Does your home fit your needs?
Our homes are an extension of ourselves, the place where we’re meant to be the most comfortable. That’s why finding a space that fits your needs is essential.
As we age, it’s normal to encounter challenges that make navigating our living spaces difficult. Maybe there’s a flight of stairs that has become difficult to climb. Maybe your bathroom requires accessibility upgrades that are just too expensive. If that’s the case, you may want to consider relocating to a nursing home or assisted living facility.
Unfortunately, even the name ‘nursing home’ brings to mind images of cold, clinical spaces with harsh lighting and little joy beyond the occasional bingo night. Fortunately, that doesn’t need to be the case.
A nursing home is meant to be a home, and you wouldn’t move into a house sight unseen. For the sake of your quality of life, it’s essential to consider what day-to-day life will be in your new home, down to the smallest detail.
Looking at the Layout
When you relocate to a new place, be it a nursing home, assisted living facility, or even a caregiver’s home, it’s essential to ensure it’s a good fit. That means starting with the basics.
First, consider your lifestyle. Ideally, relocating should improve your lifestyle, or at least facilitate the things you enjoy doing. If you love cooking, for instance, you’ll want to choose a home with an adequate kitchen.

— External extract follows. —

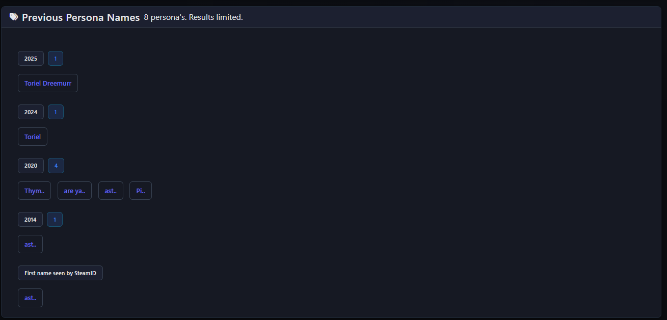 >>16016839enter his steamid and search, it'll show all of his old usernames, also try his vanityurl (torielstarstorm) too
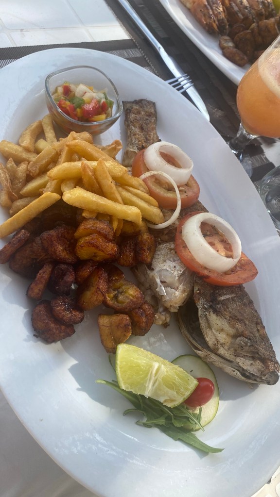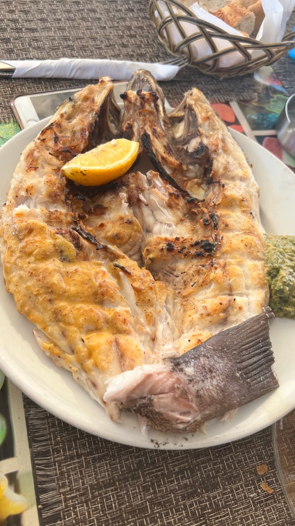 Situé à quelques mètres de l’embarcadère pour L’île de Gorée, cette adresse propose des plats à base de poisson frais ainsi que des plats libanais. J’ai donc pris un mix des deux;

However, there are some less obvious things to consider. Do you enjoy having guests over? If so, you’ll probably want adequate space to host them. Do you enjoy gardening? You might want a home with a balcony or terrace.
While an apartment in an assisted living facility will likely be smaller than your old house, it’s still wise to dedicate space to the things you enjoy doing, as well as any decor needed to make your home fit your tastes.
Another, more easily overlooked aspect of this pre-planning process is arguably even more critical: your ability to navigate and utilize the space. An ideal living space for seniors reduces the risk of falls by minimizing slipping and tripping hazards.
This means choosing proper flooring materials, putting in skid-proof mats, and reducing overall clutter. If you need to squeeze between your couch and coffee table just to get through your living room, you probably need to reconsider some things.
Accessibility is also important. Take, for instance, the humble doorknob. While it seems like one of the simplest devices in your home, the act of turning it can be a challenge for people with arthritis or other mobility issues.
Similarly, furniture that sits too close to the ground can be challenging to use and can even increase the risk of falling. If your nursing home comes with furniture pre-installed, as many do, check to make sure it’s suitable for your specific needs and tastes.
Though we often use them interchangeably, assisted living and nursing homes are two different things. Assisted living is for people who, while still socially active and largely independent, need help with their daily activities.
Often, seniors who enroll in assisted living don’t have any specific health issues but desire a low-maintenance lifestyle.
Often, we give up things like yard work or driving long before we need help dressing or bathing, so the ability of an assisted living facility to ramp up their care with time is an excellent fit. Nursing homes, on the other hand, are for people who require regular medical care.
As you may expect, a nursing home focuses more on medical services, like regular check-ups, dentistry, and palliative care. Some even have their own Medicare Advantage plans included with residency.
Assisted Living, on the other hand, is more focused creature comforts, offering things like on-site restaurants. Both types of facilities offer both types of service, but the balance will typically tilt in one direction or the other.
Before choosing a home, consider how it fits into the structure of your life. How will you obtain groceries? Will you need to travel far to go to the doctor? Does this place provide enough mental stimulation to keep you happy and entertained? Does it offer the services you need, or suspect you’ll need in the future?
Ideally, whichever home you choose will be one that adapts with you over time, offering an increased level of care as your needs change.
Some facilities handle this transition seamlessly. Others may require you to transfer to a different wing, or a sister facility to better accommodate you.
In extreme cases, a facility may be unprepared to accommodate you at all. This is sadly common for people with dementia, as many facilities lack the specialized care needed to house people experiencing cognitive decline. Take a moment to future-proof your living arrangement before making a commitment.
No matter what facility you choose, the most important thing is feeling comfortable in your new home. Be as discerning as you would be when house hunting, and don’t be afraid to walk away if your gut feeling is off. Your home should be your sanctuary, no matter how old you are.